The Massachusetts Correctional Institution at Norfolk
The Massachusetts Correctional Institution at Norfolk

When Howard Belding Gill became the first Superintendent of the Norfolk State Prison Colony, presently known as the Massachusetts Correctional Institution at Norfolk, he created what became known as the first community prison in the United States. Intended as an experiment to introduce a rehabilitative rather than solely punitive model, the prison held men like Malcolm X, who described the place with “no bars, only walls” as practicing “penal policies [that] sounded almost too good to be true.” The staff was conceived not as guards, but as educators and counselors, psychiatrists and mentors. Years after he left his position as Superintendent, Gill returned to MCI Norfolk to mentor young prisoners and visit old inmates turned friends.
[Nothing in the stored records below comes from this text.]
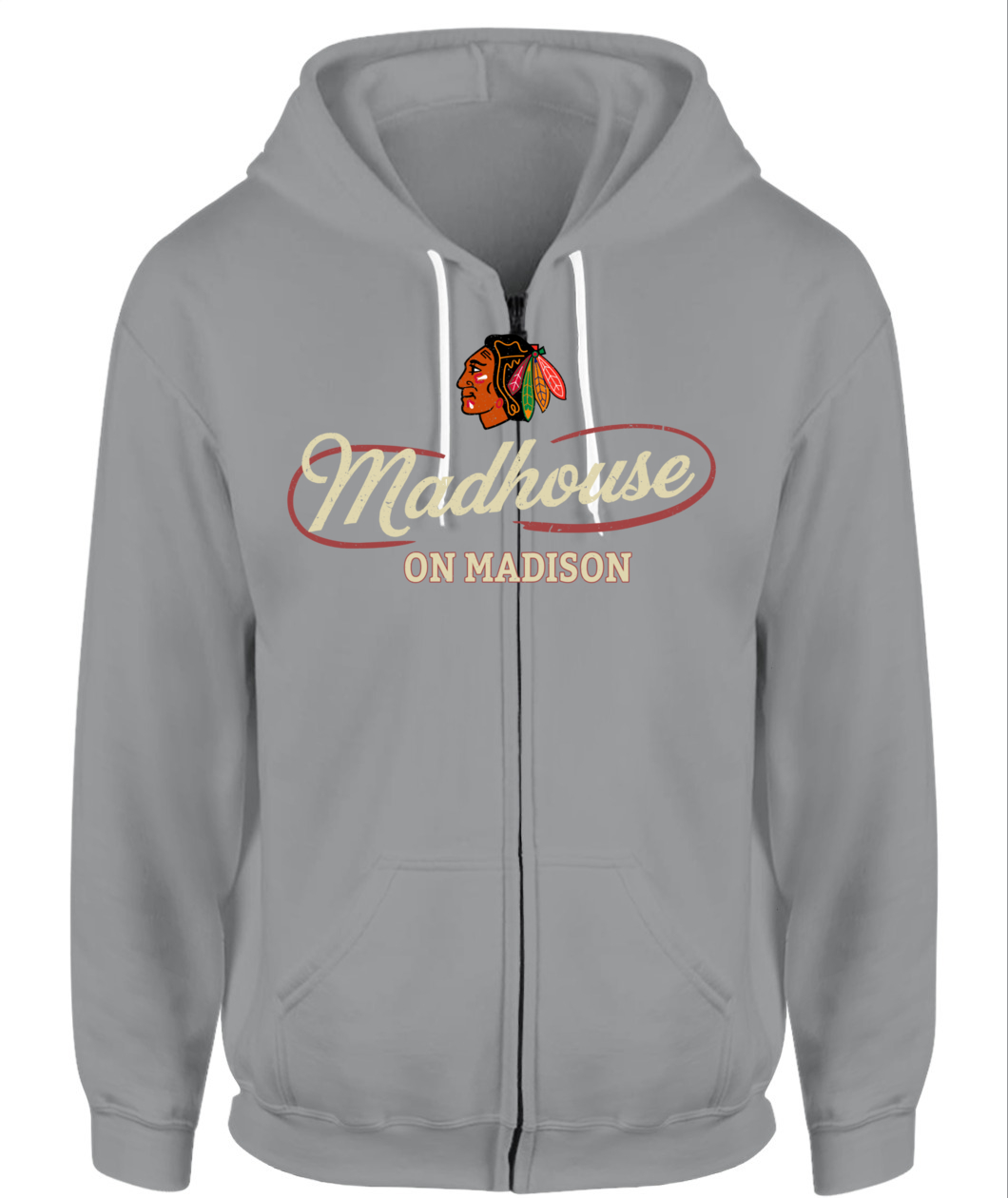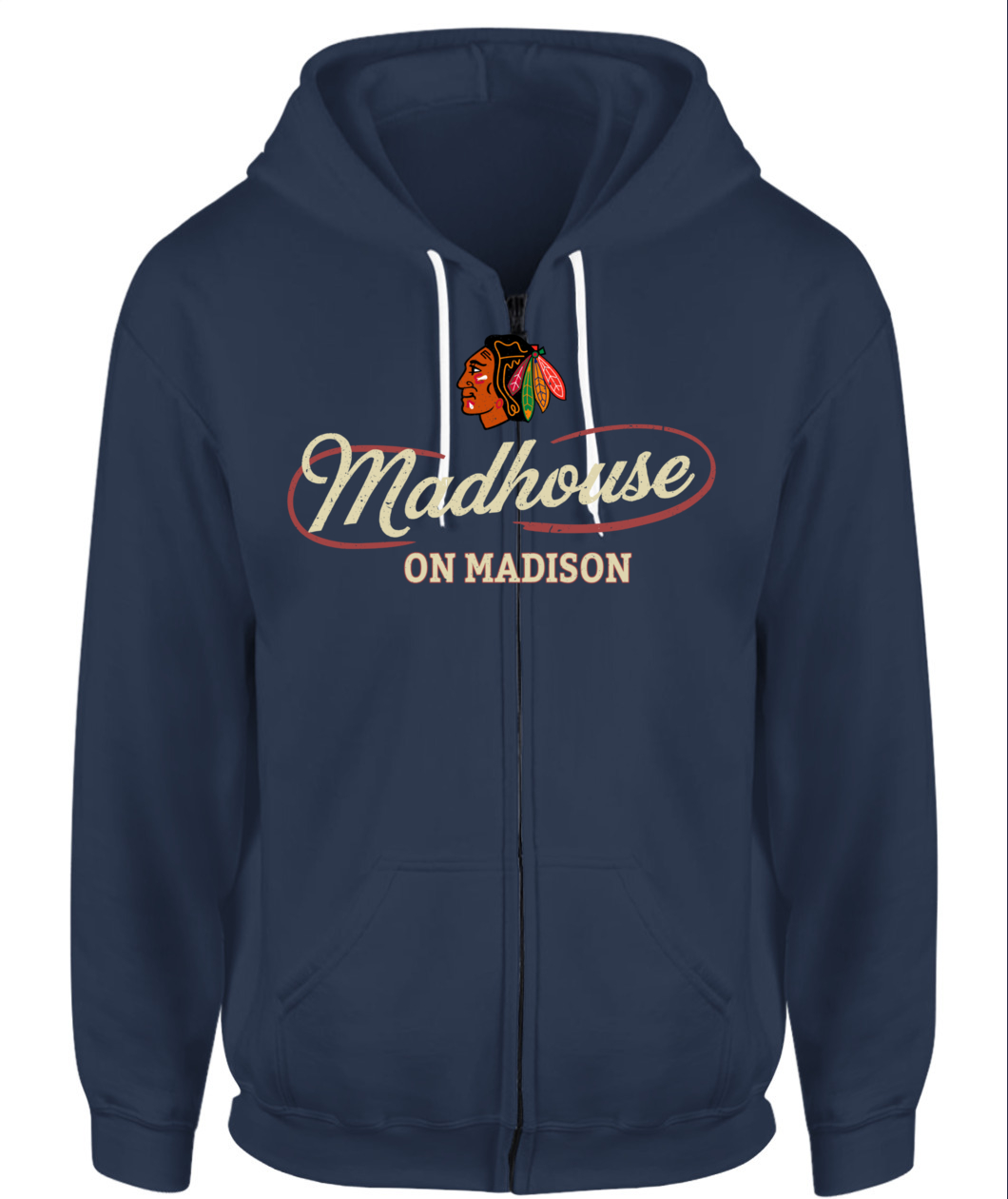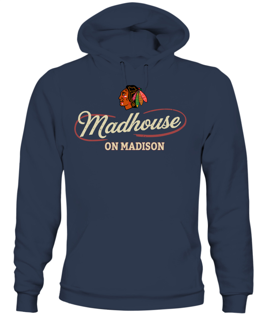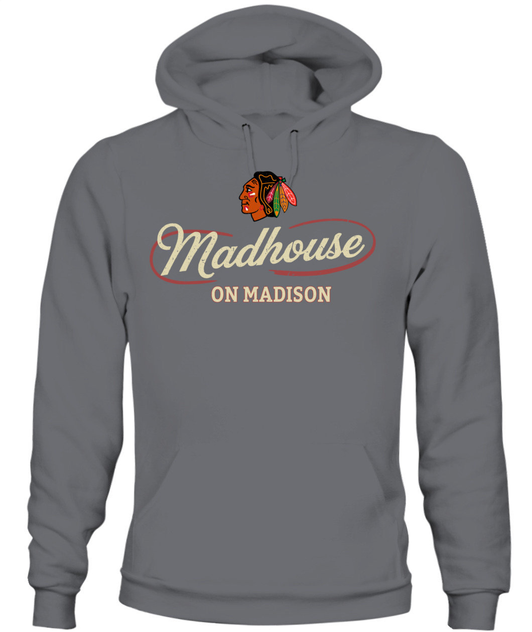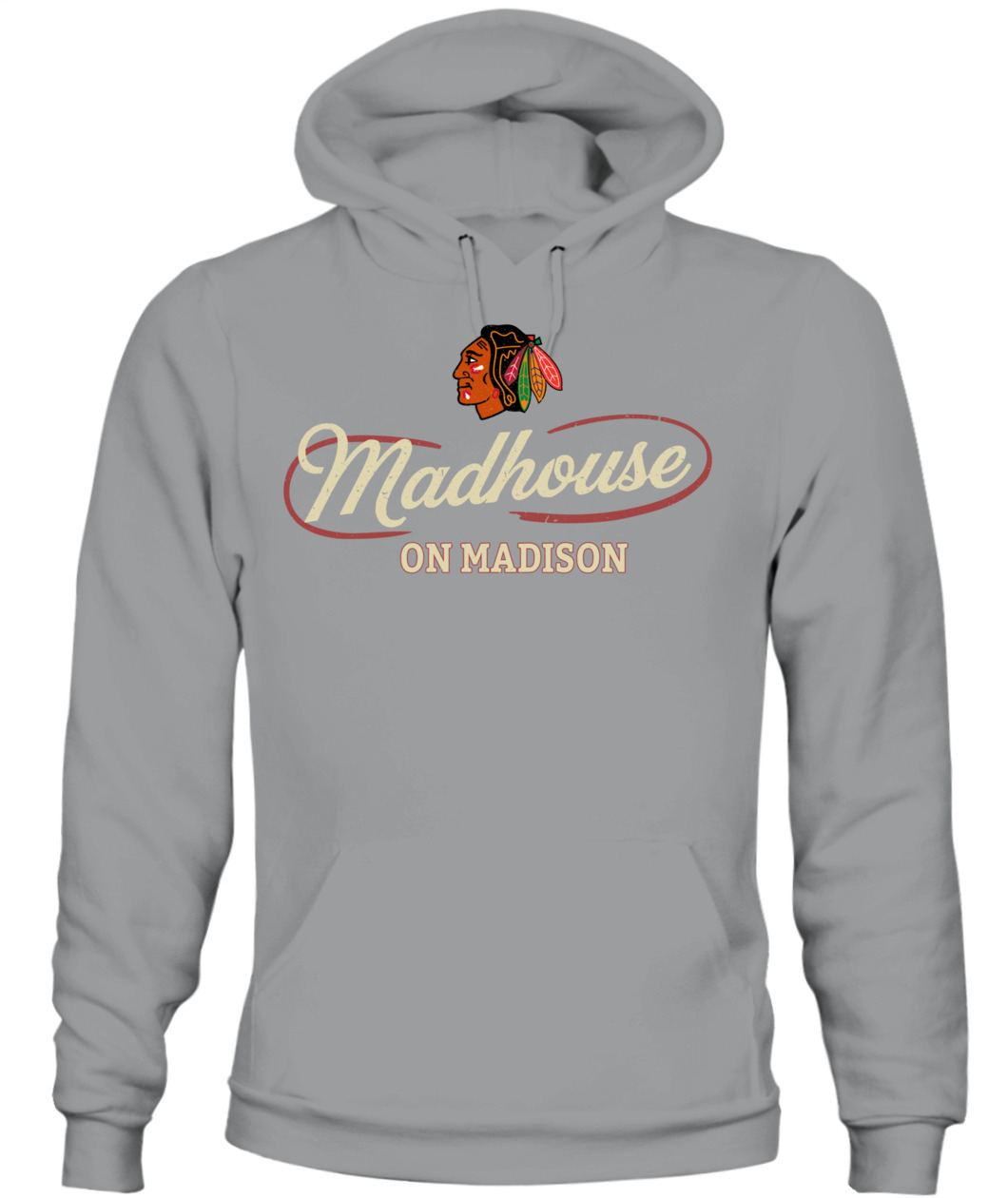 Celebrate the chaos, pride, and energy of Chicago hockey with the Madhouse on Madison Hoodie — where every fan’s heart beats loudest. 🔥🏒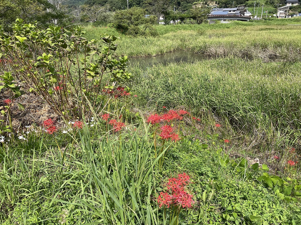 今と違って墓場に続く道はきれいに刈られ、彼岸花が毎年見事に咲きそろっていました。
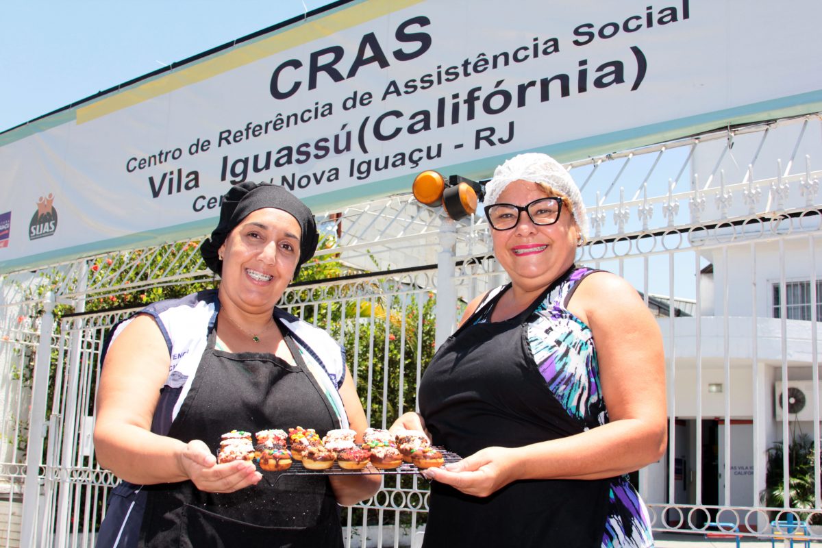 Inaugurado em junho, o CRAS Vila Iguassú, além de oferecer serviços socioassistenciais, também é voltado para a inclusão produtiva e conta com diversas oficinas para os usuários. Somente no primeiro trimestre de funcionamento, 24 oficinas foram finalizadas, capacitando cerca de 120 pessoas, sendo 80% mulheres. Entre elas está Magali Cardoso, 55 anos, que participou da oficina de culinária.
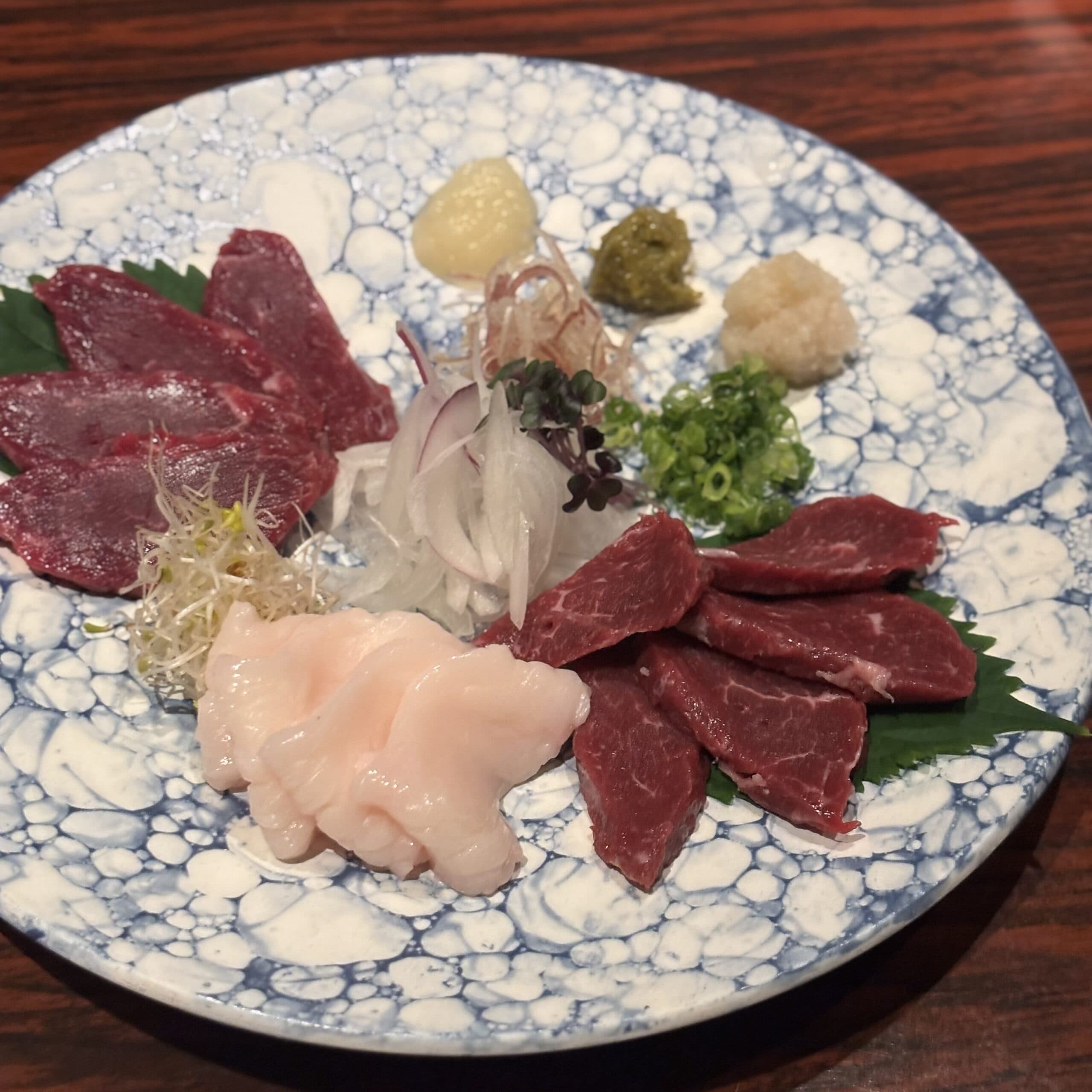 馬のお肉ってちょっと癖があるのかなーと思っていましたが、そんなことは全くないんですね。食べやすかったです。真ん中のピンク色のタテガミがじんわり甘くて口の中でとろけました。美味しかったなぁ。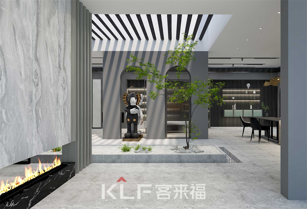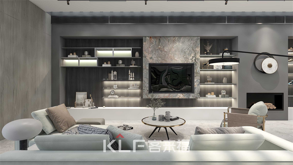 明亮的灯光点亮了空间的沉寂,背景采用栅栏式设计,为空间增添灵动感。分层次多功能的展示柜,按照入住需求进行摆放。嵌入式的电视柜设计,节省空间。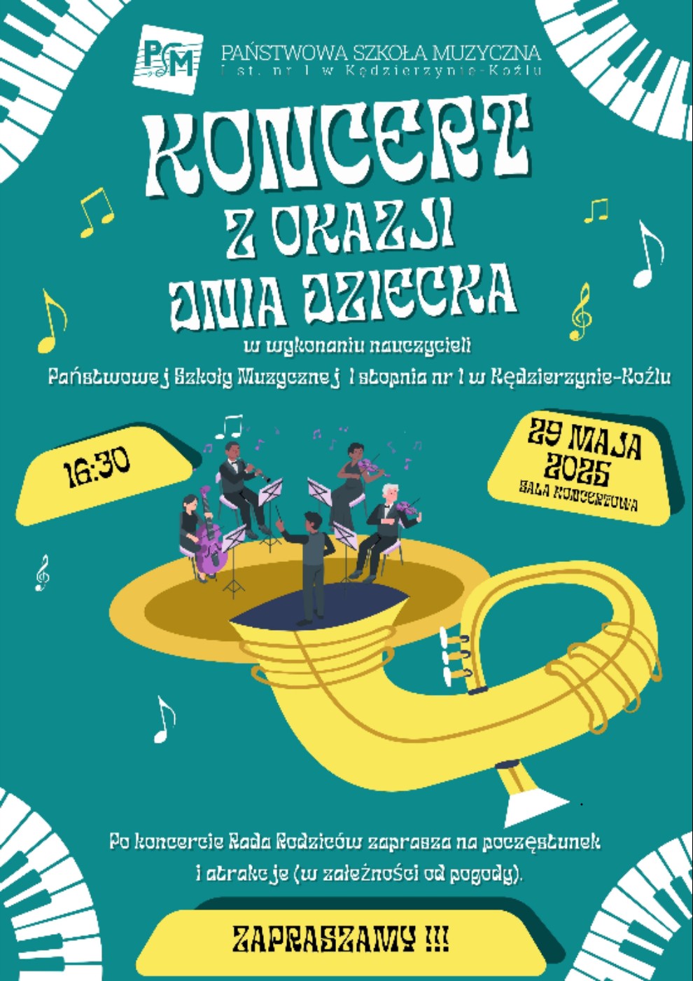 Państwowa Szkoła Muzyczna I st. nr 1 w Kędzierzynie-Koźlu ma przyjemność zaprosić wszystkich małych i dużych melomanów na specjalny koncert, w którym… specjalnie dla Was wystąpią nasi nauczyciele! 😉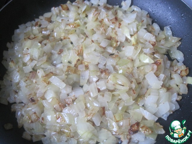 Лук нарезаем мелкими кубиками и обжариваем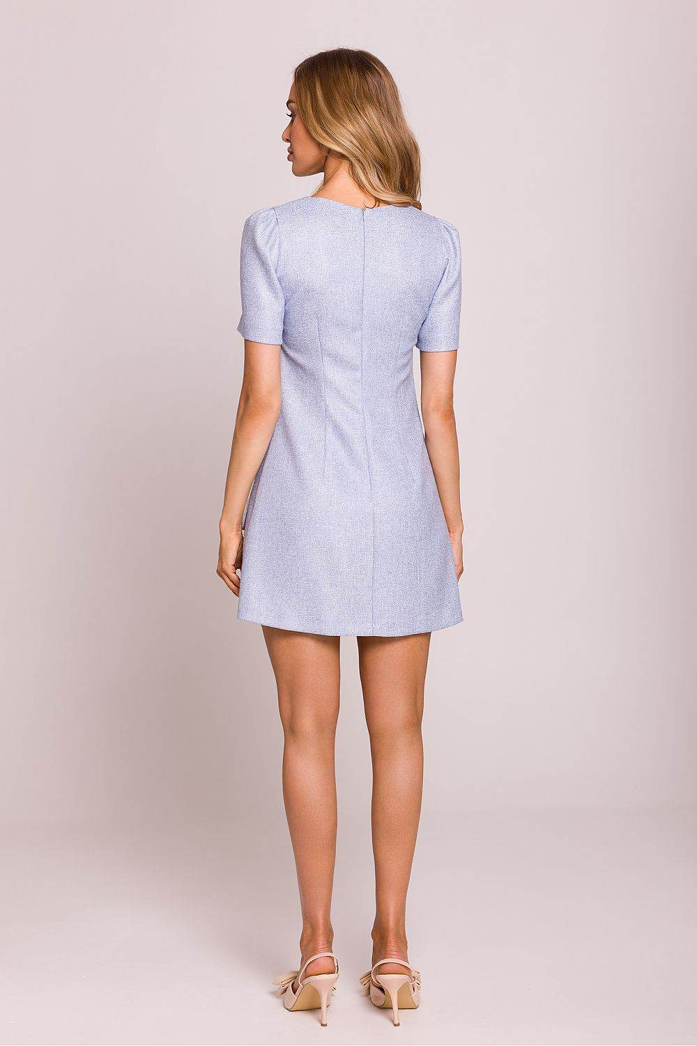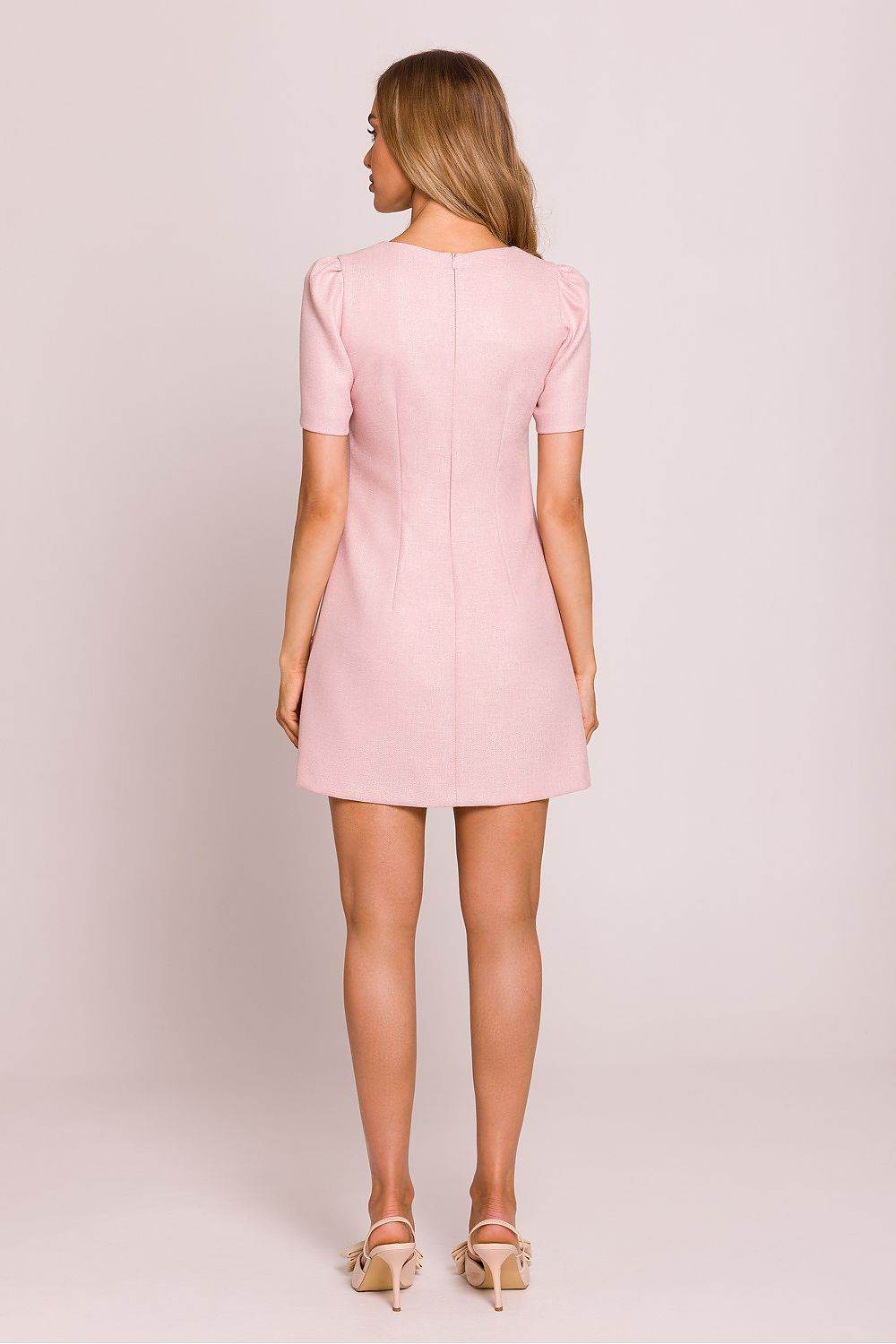 Trapeze Mini Dress with Puffy Sleeves and Heart-Shaped Gold Buttons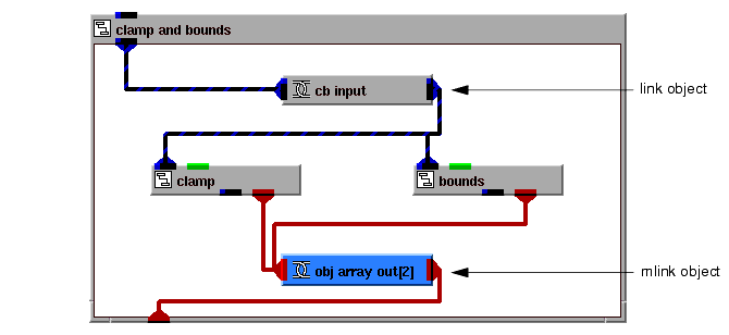 Link objects are used to route connections in as generic a way as possible. They can connect to any type of object and accept connections from any type of object and they ensure that both from and to connections are compatible in type. Link objects are commonly used in macros to perform one of the following functions: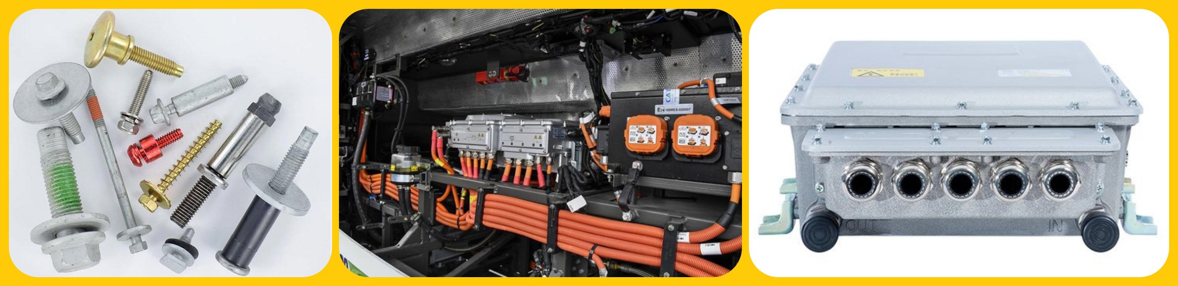 Korkeajännitteisten johtosarjayhteyskiinnikkeet: Korkeajännitteisten johtosarjat ovat kriittisiä EVS: n voimansiirron kannalta. Niiden yhteyskiinnikkeiden on varmistettava valjaiden yhteyksien luotettavuus ja turvallisuus, estäen oikosulku tai huono kosketus löysämisen vuoksi. Luotettava lukitussuorituskyky ja hyvä johtavuus (joillekin maadoitusyhteyksille) ovat avainasemassa.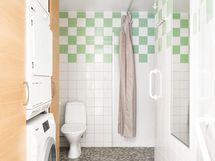 - Pesutilojen varusteet: WC-istuin, suihku, peili, pesuallas ja bidee-suihku.

Today, MCI Norfolk is a medium-security prison where bars have gone up, but where the commitment to rehabilitation and community remains an important pillar for the Department of Corrections. That is why, on June 13th and 14th, MCI Norfolk staff allowed Dr. Karen Lischinsky, Volunteer Coordinator for the Restorative Justice Group at Norfolk Prison, to work with the incarcerated men and put together a two-day Restorative Justice and Responsibility Retreat. During the retreat, over a hundred inmates were introduced to principles of rehabilitation, community responsibility, and personal introspection. Speaking to the large auditorium of men, Sister Ruth Raichle encouraged the men to think of their lives as interconnected, not just amongst themselves but also to the outside community. “Justice is not something done to us,” she said, “It’s something we build together.” She was speaking of the importance of making amends by publically recognizing the harm they had done and thus begin the process of finding their innate humanity and reconnecting with the outside community. Many inmates acknowledged, however, that responsibility extends past a one-time recognition of their crimes. Rather, responsibility comprises a life-long journey of personal healing and introspection. Reflecting on his own journey, and I heard an inmate say that healing rather than harm is the mark of a responsible life. He wanted to end the cycle of violence he had inherited and contributed to.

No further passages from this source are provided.